Yosemite New: Keep Bears Wild

The "first-ever online bear tracker" is part of the just-launched web site.

You say "Yosemite" and we say "bear." You say "Sierra Nevada weekend" and we say "aren't bears amazing"? You say "national park camp-out" and we say "bears forever, bears rule, yayyyy bears." 

Those furry, ambling superstars, in short, are on many an adventuring mind, especially those minds belonging to travelers entering Yosemite National Park for a day or a week or longer. After all, the wild destination's black bear population is as iconic, and as treasured, as Half Dome and Glacier Point and the Merced River and Tuolumne Meadows.

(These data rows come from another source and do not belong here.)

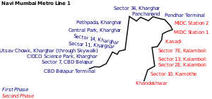 Line 1 is being developed in 3 phases. Phase I is an 11.1 km (6.9 mi) section from Belapur to Pendhar with 11 stations.[4] In the second phase, an 8.15-kilometre (5.06 mi) line will be built from Khandeshwar to Taloje MIDC, with seven stations. The third phase will entail the merging of two rail corridors between Pendhar and MIDC with a 2.2-kilometre (1.4 mi) link, forming a loop from Belapur to Khandeshwar.[10][11]
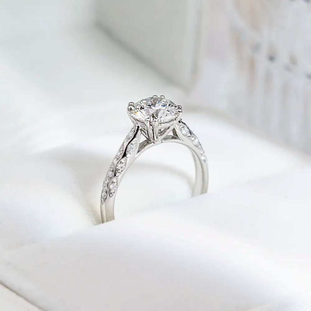 Experience the pinnacle of luxury with our exquisite Platinum PT950 Solitaire Ring. This masterpiece features a stunning 1.5-carat round lab-grown diamond as the centerpiece, beautifully complemented by elegant marquise-cut side stones that enhance the ring's brilliance and sophistication.
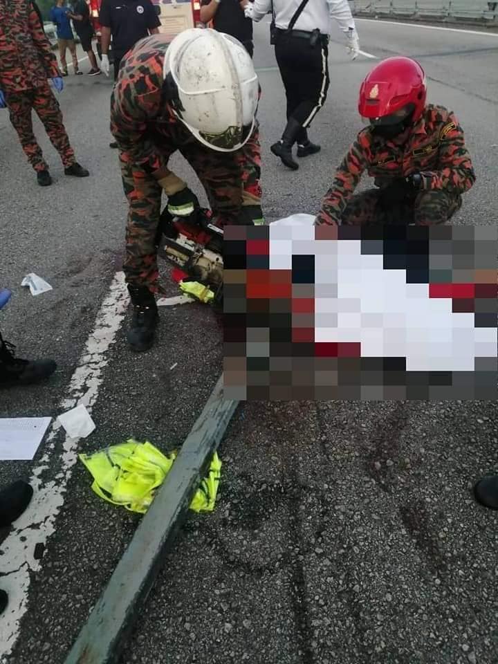 Mangsa Merioh Asok, dan rakannya Yahayah Ampiu yang kedua-duanya berusia 26 tahun disahkan meninggal dunia di tempat kejadian. Kedua-dua mangsa maut tercampak keluar sejauh 4.5 meter, dan Merioh dilaporkan tertusuk besi pengadang jalan.
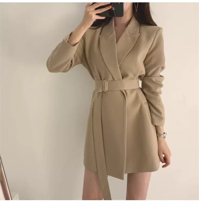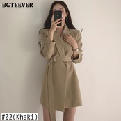 【新作】【送料無料】 BGTEEVEROLスタイルノッチカラーサッシレディースブレザードレスフルスリーブスリムウエストショートドレススーツドレス 12b153907150561
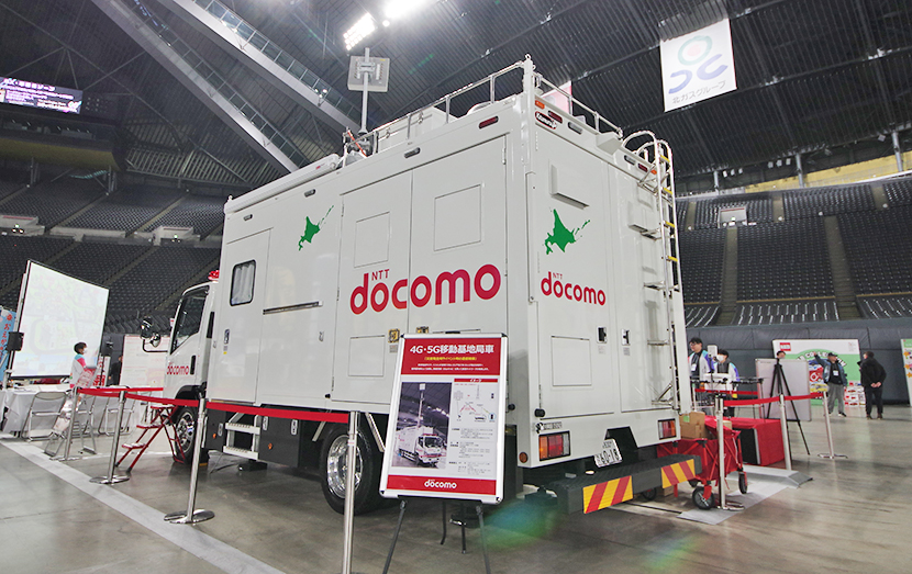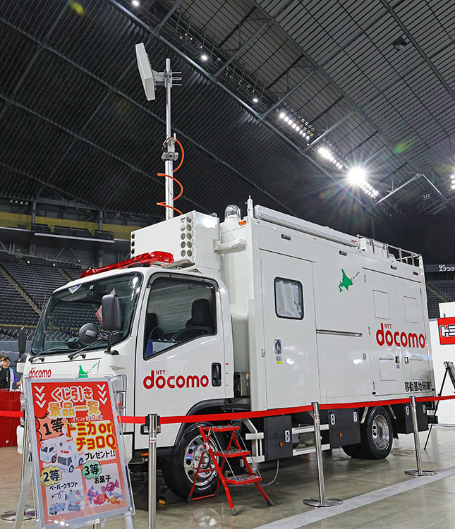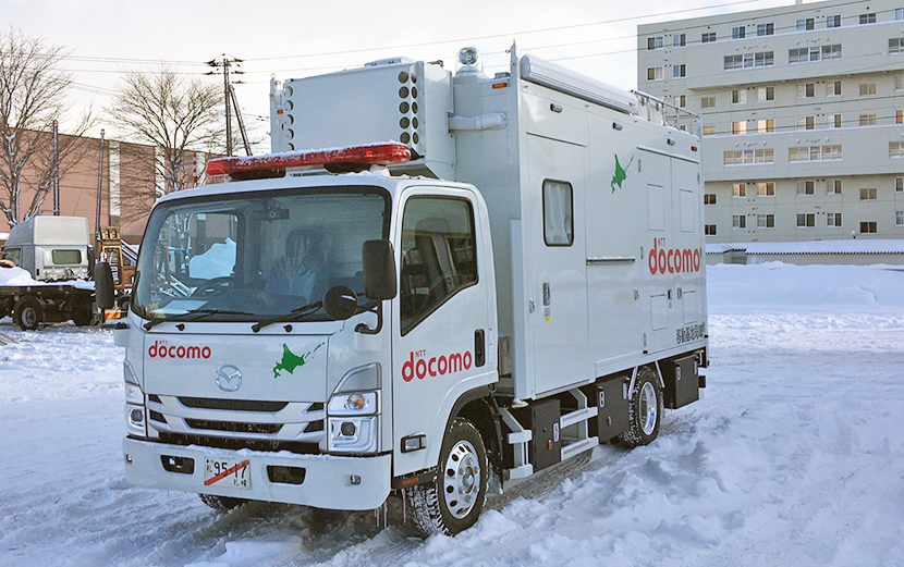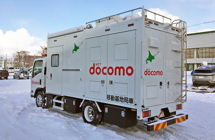 NTTドコモ北海道 北海道支社所属の4G・5G移動基地局車。災害発生時の
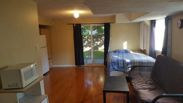 Walkout basement with ample sunlight and backyard available for rent. Ideal for a single young professional or a young couple. This is an end unit townhouse in a kid-friendly and safe community. Located 10 minutes walking distance to Cooksville GO station in Mississauga, 2 minutes to major bus routes, and close to grocery stores, major hospitals, parks, and schools (Postal code: L5B1V7). Closest intersection - 1-minute walk: Confederation and Hillcrest. Rent is $1,400 per month, including unlimited high-speed internet and all utilities. Basic furnishing (queen bed, sofa, closet, chairs, and center table) is included. Washer and dryer will be shared on weekends. We are a loving and caring family and looking to host like-minded individuals. P.S. – This house has been lucky for previous residents! Air conditioning, heat, water, hydro, fridge/freezer, and 1 parking spot included. 700 sqft. Month-to-month agreement. For rent by owner.
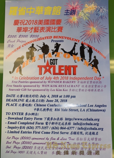 為慶祝2018年度7月4日的美國國慶(獨立紀念日),羅省中華會館暨全僑各界擬於7月4日(週三)全天,在洛杉磯華埠地區舉行全天的活動。內容包括上午的全僑慶祝美國國慶升旗典禮,下午的華埠才藝表演比賽及晚間的國慶餐會。才藝比賽更提供了高額獎金,以鼓勵社區有才華的民眾登台展現才藝。
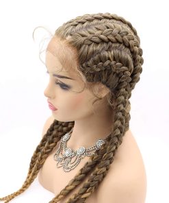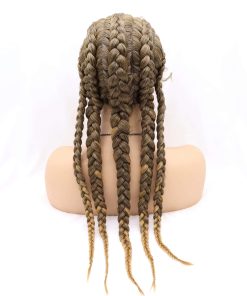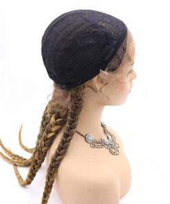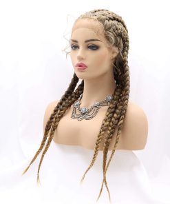 Pelucas de Encaje Frontal Sintético de Caja Trenzada Ombre Brown Blonde Sylvia de 24 pulgadas es una excelente opción para quienes buscan una peluca de calidad con un aspecto natural. Con una circunferencia de cabeza de aproximadamente 22.25″, esta peluca de tamaño mediano cuenta con correas ajustables y 3 peines para un ajuste seguro y cómodo. La peluca tiene un encaje frontal con medio encaje atado a mano, que ofrece un espacio de partición de 2.5 pulgadas en la parte delantera para un aspecto natural.
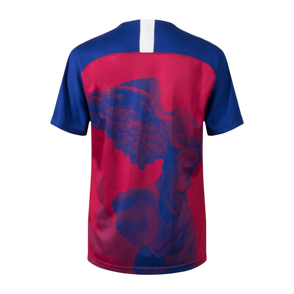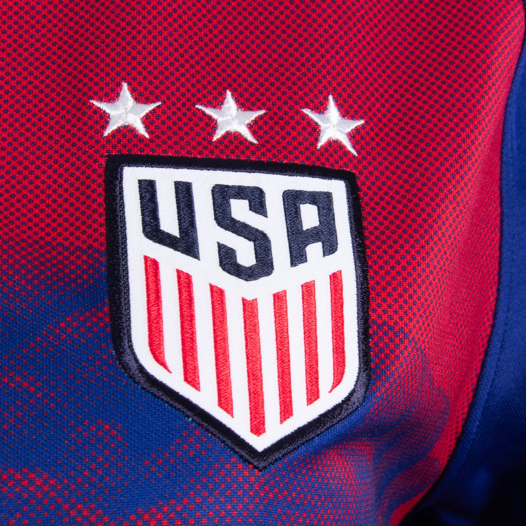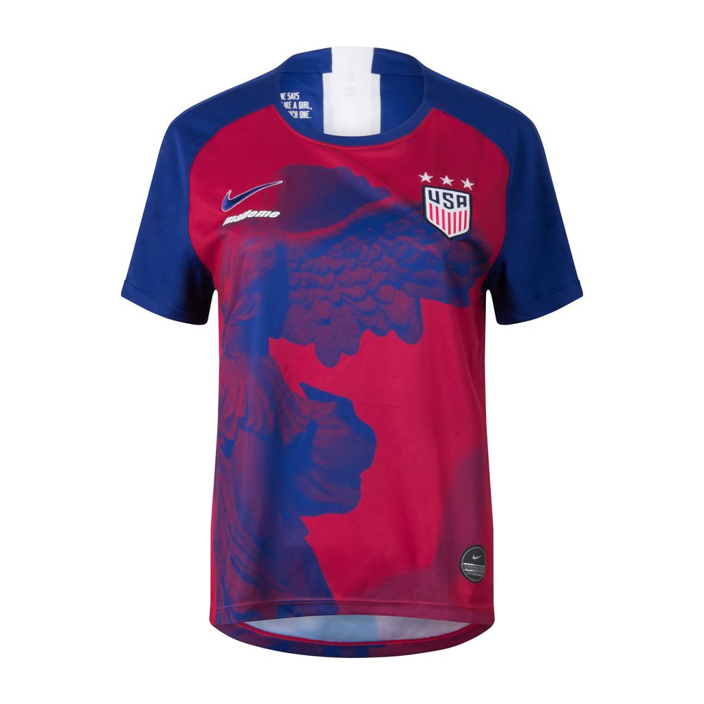 Taking a cue from the US women’s teams of the late ‘90s, Erin Magee head designer of MadeMe, updates the classic stadium jersey with a graphic featuring the Goddess of Victory. Dri-FIT technology helps you stay dry, comfortable and focused. This jersey has short raglan sleeves, ribbed round neckline, sublimated Nike Goddess of Victory graphic and the US team crest at the left chest. Brand new, tags attached.
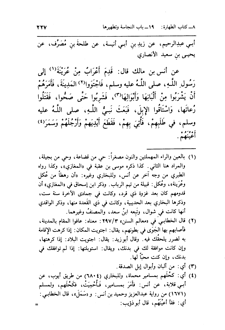 أَبِي عَبْدِ الرَّحِيمِ، عَنْ زَيْدِ بْنِ أَبِي أُنَيْسَةَ، عَنْ طَلْحَةَ بْنِ مُصَرِّفٍ، عَنْ يَحْيَى بْنِ سَعِيدٍ الْأَنْصَارِيِّ، عَنْ أَنَسِ بْنِ مَالِكٍ، قَالَ: قَدِمَ أَعْرَابٌ مِنْ عُرَيْنَةَ (¬1) إِلَى رَسُولِ اللَّهِ صَلَّى اللَّهُ عَلَيْهِ وَسَلَّمَ فَاجْتَوَوَا (¬2) الْمَدِينَةَ، «فَأَمَرَهُمْ أَنْ يَشْرَبُوا مِنْ أَلْبَانِهَا وَأَبْوَالِهَا (¬3) ، فَشَرِبُوا حَتَّى صَحُّوا، فَقَتَلُوا رُعَاتَهَا وَاسْتَاقُوا الْإِبِلَ، فَبَعَثَ نَبِيُّ اللَّهِ صَلَّى اللَّهُ عَلَيْهِ وَسَلَّمَ فِي طَلَبِهِمْ، فَأُتِيَ بِهِمْ، فَقَطَعَ أَيْدِيهِمْ وَأَرْجُلَهُمْ وَسَمَرَ (¬4) أَعْيُنَهُمْ»
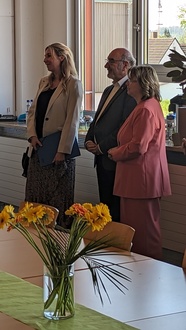 In einem Rundgang besichtigten Staatssekretärin Stolz und MdL Dr. Bauer mehrere Klassenzimmer der Grundschule, die neue Sporthalle und das Lernbaumhaus, das von der Kinderstiftung Playmobil finanziert wurde und im Juni 2023 eingeweiht wird. Das Lernbaumhaus ist ein ganz besonderes Projekt an dieser Schule. Es bietet den Kindern außerhalb des normalen Unterrichtsraums eine besondere Lernumgebung, wodurch die Motivation und die positive Einstellung für die dort gebotenen Lerninhalte gesteigert wird.
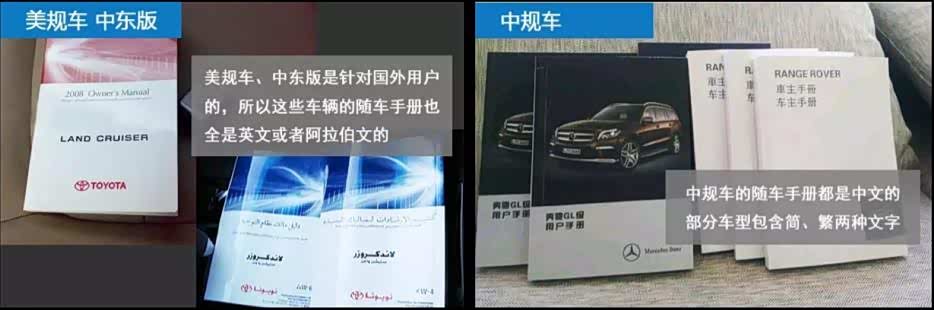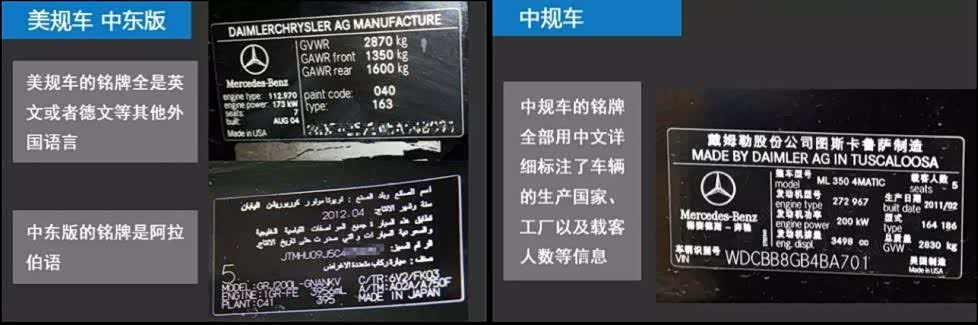 结合以上六个特征,基本上就可以判定此车是否为美规或者中东版。对于有意向购买美规中东版汽车的客户请注意,一定要多加留意手续问题,其中过户也会有限制要求,请在购买前务必查验清楚,最好能去车管所确认一遍。
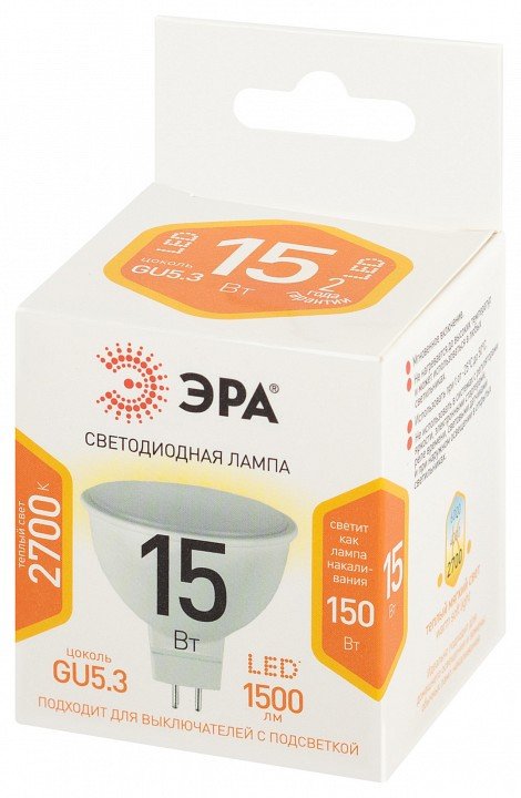 Лампа светодиодная Эра Стандарт GU5.3 15Вт 2700K LED MR16-15W-827-GU5.3
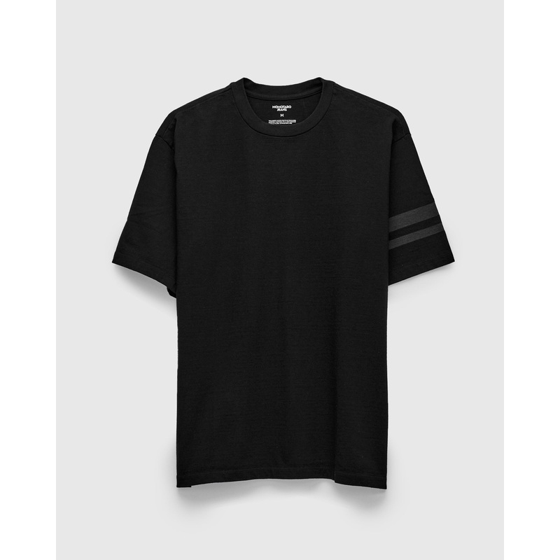 DetailsSizingBrand InfoMomotaro reintroduces their Going to Battle T-shirts in a newly developed heavyweight 8.5oz jersey woven using sturdy 100% Zimbabwe cotton. A brand classic, the tee is decorated with the signature "Going to Battle" stripes across the
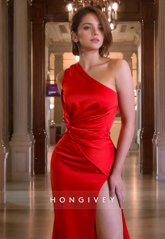 Sheath/Column One Shoulder Court Train Red Satin Prom Dress with High Slit

But Glacier Point and Half Dome don't come sniffing around our food-filled coolers after dark, and we humans aren't advised to keep our distance from Tuolumne Meadows.

In short, the way we drive, the way we hike, and the way we store our food, while bedding down for the night, has a way of attracting, and ultimately impacting, the ursine way of life in the national park.

Enter KeepBearsWild.org, a new web site that's all about raising "...awareness, appreciation, and respect for Yosemite's beloved black bears," says Chip Jenkins, the Acting Superintendent of Yosemite National Park.

"Our message is simple: everyone can keep bears wild by driving slowly, storing food properly and staying a safe distance when you see them."

New photos and videos are also a fascinating feature of Yosemite's beardom's new online hangout.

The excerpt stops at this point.